Use both together: LangSmith for deep trace debugging. Agent-SRE for production reliability operations.

vs Cleric / Resolve / SRE.ai (AI-Powered SRE)

These tools use AI to help humans do infrastructure SRE — incident investigation, triage, root cause analysis for servers and services.

Agent-SRE applies SRE principles to AI agent systems — completely different target.

AI-Powered SRE Tools Agent-SRE
What they monitor Servers, pods, databases Agent decisions, trust, costs
Who uses them DevOps / SRE teams Agent developers, ML teams
SLOs for Uptime, latency, error rate Decision accuracy, hallucination rate
Chaos tests Network partition, pod crash Tool timeout, LLM degradation
Incidents about "Pod crashed" "Agent made wrong decision"
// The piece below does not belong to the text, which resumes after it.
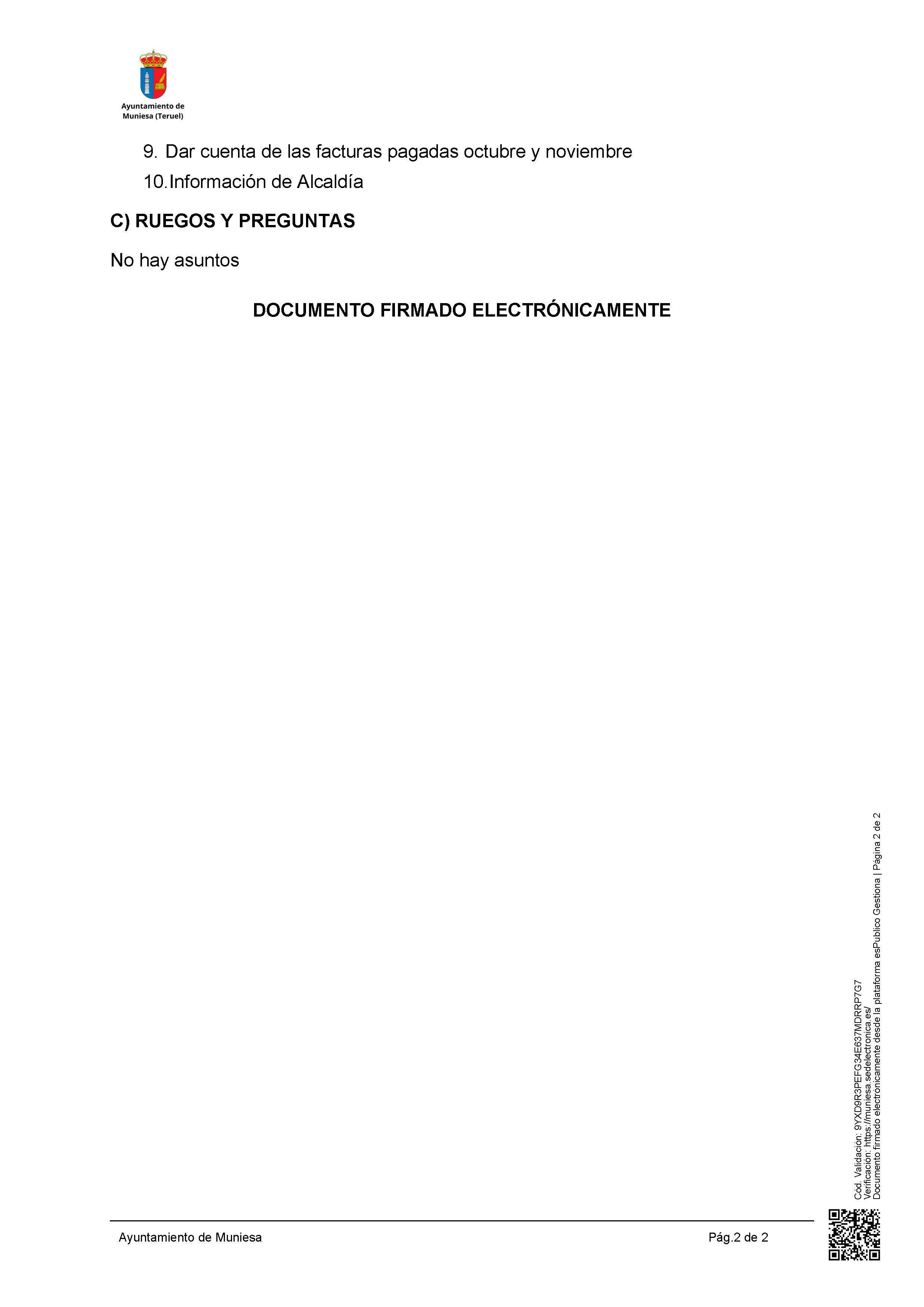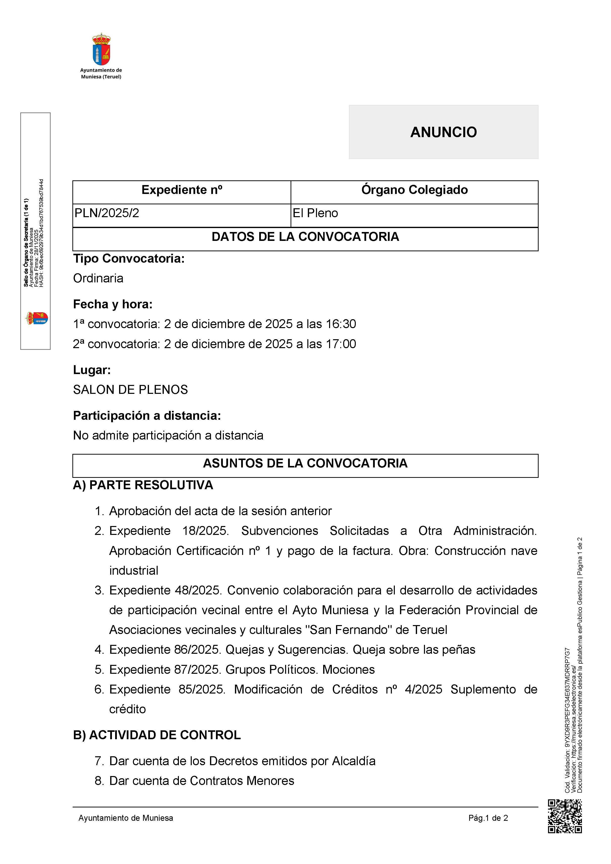 Tal como está anunciado en el tablón de anuncios de la SEDE ELECTRÓNICA del Ayuntamiento, se recuerda que el martes 2 de diciembrebre, a las 16:30 h. está prevista la celebración de un Pleno Ordinario del Ayuntamiento de Muniesa. Abajo convocatoria y detalle del orden del día.

Not competitive. AI-powered SRE tools monitor your infrastructure. Agent-SRE monitors the agents running on that infrastructure.

vs Traditional APM (Prometheus, Grafana, Jaeger)

Traditional APM says "HTTP 200, latency 150ms, everything looks green."

Meanwhile your agent just approved a $10K fraudulent transaction.

Agent-SRE catches the failures that infrastructure monitoring can't see — because they're reasoning failures, not infrastructure failures.